Das Wort Antlitz ist eine Benennung des Angesichtes, welche aber im gemeinen Leben nicht mehr üblich ist, sondern nur in der höhern Schreibart gebraucht wird, besonders von dem Angesichte solcher Personen, welchen man Ehrerbiethung schuldig ist“.

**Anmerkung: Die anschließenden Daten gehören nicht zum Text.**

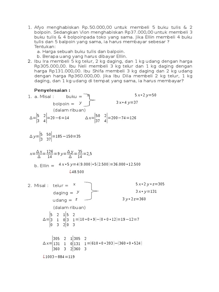 Materi Matematika ini perlu dipelajari karena sering keluar dalam soal soal ujian baik Ujian Sekolah maupun Ujian Nasional. Xy î r dan x 2y 4. Seseorang membeli 4 buku tulis dan 3 pensil ia membayar Rp1950000.
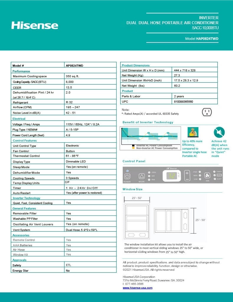 The Hisense 8000 BTU Portable Air Conditioner provides Fast Cooling with its Dual Hose design, by eliminating the vacuum effect of standard portable air conditioners. The Inverter technology delivers quiet, efficient, and consistent cooling. The easy-to-install snap-together window kit fits windows 25" to 50" wide, helping preserve the external appearance of your home. The ConnectLife app and included remote control put easy operation right at your fingertips.

Gesäß nun ist die auch heute durchaus übliche und gängige Körperteilbezeichnung für die menschliche Steißverlängerung, unser Hinterteil, den Hintern, die beiden glutei maximi (Gesäßmuskel) auf denen wir sitzen (Wortstamm).
Das Wort ist nicht veraltet, wird aber gern von umgangssprachlichen Bezeichnungen wie Hintern, Po, Vier Buchstaben oder dem vulgären A-Wort verdrängt.

Sehr interessant ist die sprachliche Analyse von Po, denn der ist schon fast antik. Das seit dem 17. Jahrhundert belegte podex ist lateinischen Ursprungs und bezeichnet anatomisch den Anus bzw. After, also den direkten Enddarmausgang. Daraus entwickelte sich vermutlich ammensprachlich und verniedlichend Po oder Popo, woraus sich wiederum die Redewendung "Setz dich auf deine vier Buchstaben" ergeben hat.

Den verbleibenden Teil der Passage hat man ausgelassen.